Your instructions => Print each line below verbatim, skipping every picture.

Dataset excerpt =>
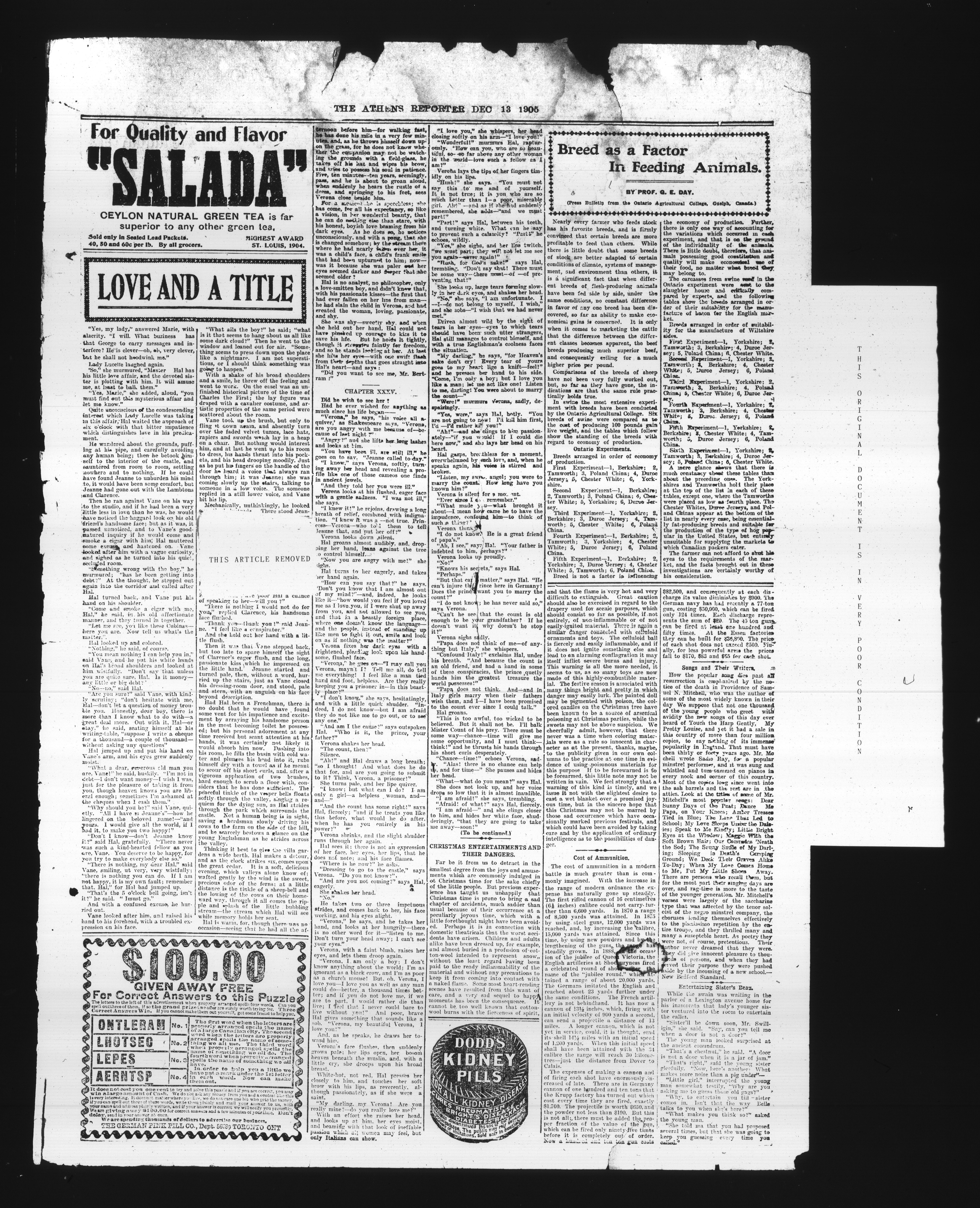The Athens reporter & County of Leeds advertiser : Vol. XXI, No. 50 (December 13, 1905)
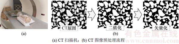 利用Adore Illustrator软件对CT灰度图像进行预处理,实现CT图像二值化与矢量化,为后续模拟的开展奠定基础。CT扫描装置及CT图像预处理流程,如图3所示。
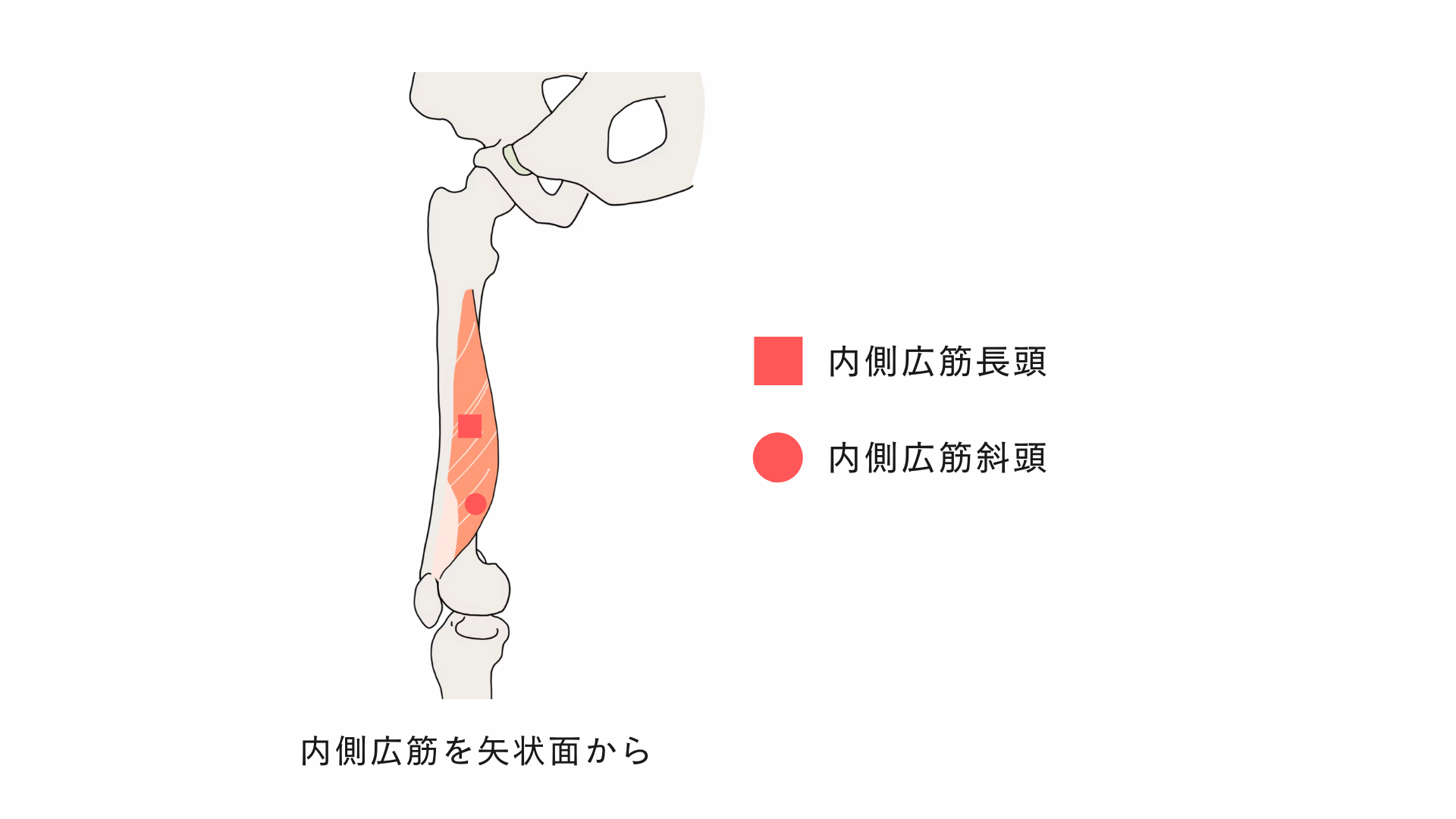 このように内側広筋は近位部を内側広筋長頭、遠位部を内側広筋斜頭と区分されています。

Answer area =>
The Athens reporter & County of Leeds advertiser : Vol. XXI, No. 50 (December 13, 1905)
 利用Adore Illustrator软件对CT灰度图像进行预处理,实现CT图像二值化与矢量化,为后续模拟的开展奠定基础。CT扫描装置及CT图像预处理流程,如图3所示。
 このように内側広筋は近位部を内側広筋長頭、遠位部を内側広筋斜頭と区分されています。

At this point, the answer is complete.